*** Opening Data extract ***
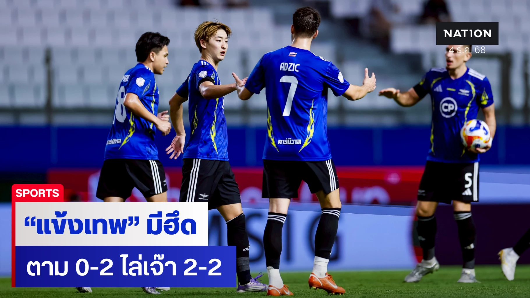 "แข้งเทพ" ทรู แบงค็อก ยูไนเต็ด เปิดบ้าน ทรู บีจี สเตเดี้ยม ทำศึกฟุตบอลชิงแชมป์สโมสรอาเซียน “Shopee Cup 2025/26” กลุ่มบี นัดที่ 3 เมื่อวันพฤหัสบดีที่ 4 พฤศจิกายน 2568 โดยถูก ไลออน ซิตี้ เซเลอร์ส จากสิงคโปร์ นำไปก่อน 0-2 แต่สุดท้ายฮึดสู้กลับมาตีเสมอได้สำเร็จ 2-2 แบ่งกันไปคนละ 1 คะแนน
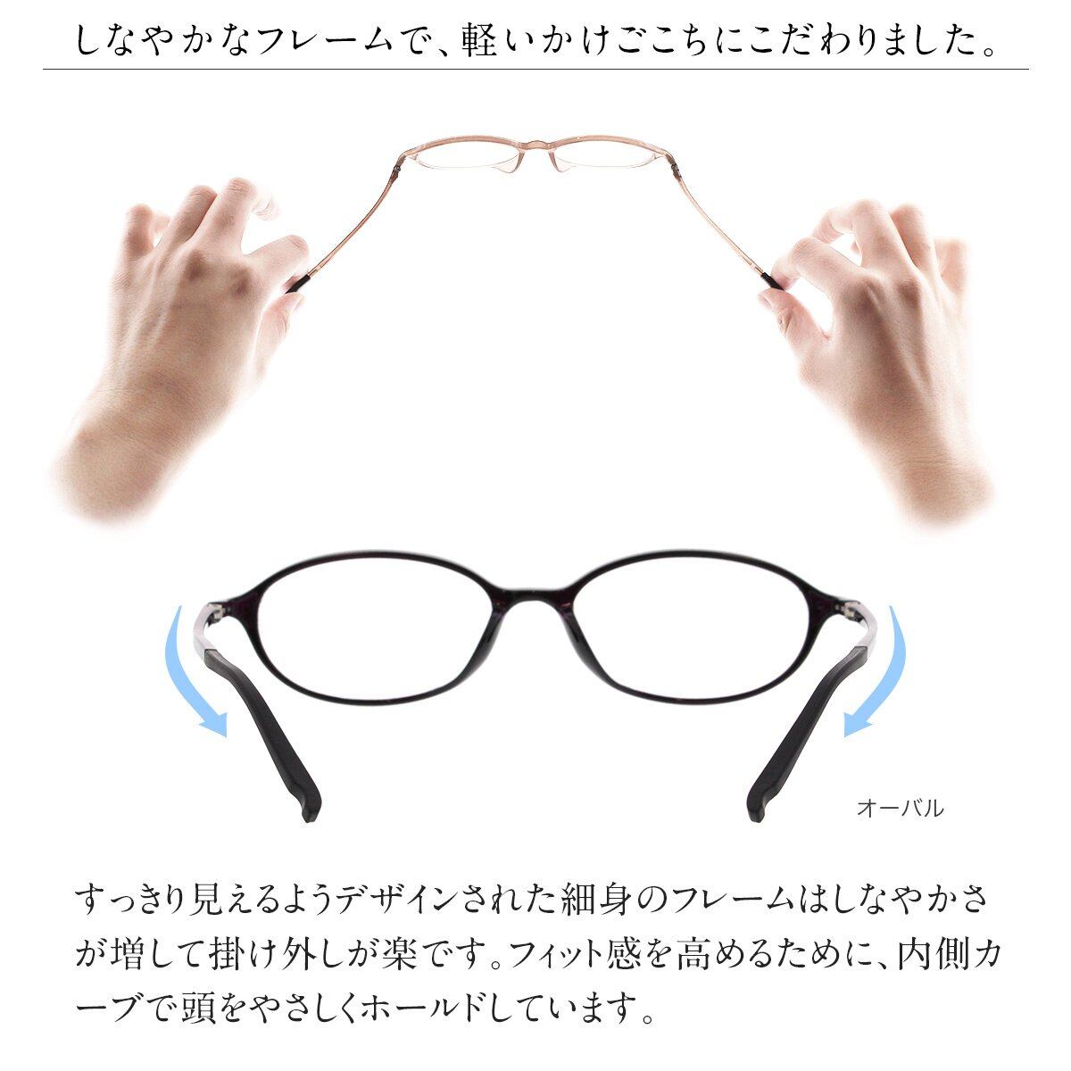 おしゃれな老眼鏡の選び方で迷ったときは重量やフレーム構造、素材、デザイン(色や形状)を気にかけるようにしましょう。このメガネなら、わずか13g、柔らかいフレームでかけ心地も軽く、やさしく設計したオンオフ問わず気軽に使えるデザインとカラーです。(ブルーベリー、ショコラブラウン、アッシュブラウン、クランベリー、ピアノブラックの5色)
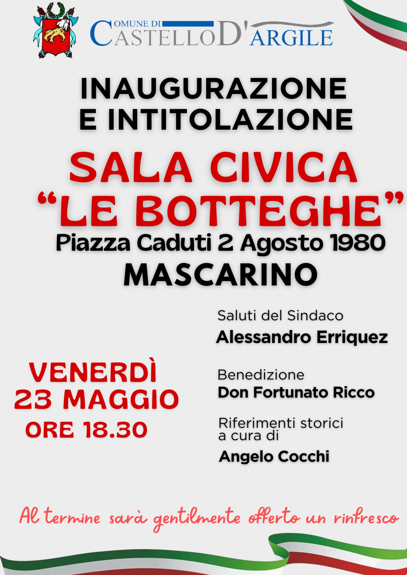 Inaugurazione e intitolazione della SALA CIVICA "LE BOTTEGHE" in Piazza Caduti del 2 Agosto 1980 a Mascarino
*** Closing Data extract ***
What to do -
Reproduce the data above exactly, leaving each picture out.

Response for this exercise -
 "แข้งเทพ" ทรู แบงค็อก ยูไนเต็ด เปิดบ้าน ทรู บีจี สเตเดี้ยม ทำศึกฟุตบอลชิงแชมป์สโมสรอาเซียน “Shopee Cup 2025/26” กลุ่มบี นัดที่ 3 เมื่อวันพฤหัสบดีที่ 4 พฤศจิกายน 2568 โดยถูก ไลออน ซิตี้ เซเลอร์ส จากสิงคโปร์ นำไปก่อน 0-2 แต่สุดท้ายฮึดสู้กลับมาตีเสมอได้สำเร็จ 2-2 แบ่งกันไปคนละ 1 คะแนน
 おしゃれな老眼鏡の選び方で迷ったときは重量やフレーム構造、素材、デザイン(色や形状)を気にかけるようにしましょう。このメガネなら、わずか13g、柔らかいフレームでかけ心地も軽く、やさしく設計したオンオフ問わず気軽に使えるデザインとカラーです。(ブルーベリー、ショコラブラウン、アッシュブラウン、クランベリー、ピアノブラックの5色)
 Inaugurazione e intitolazione della SALA CIVICA "LE BOTTEGHE" in Piazza Caduti del 2 Agosto 1980 a Mascarino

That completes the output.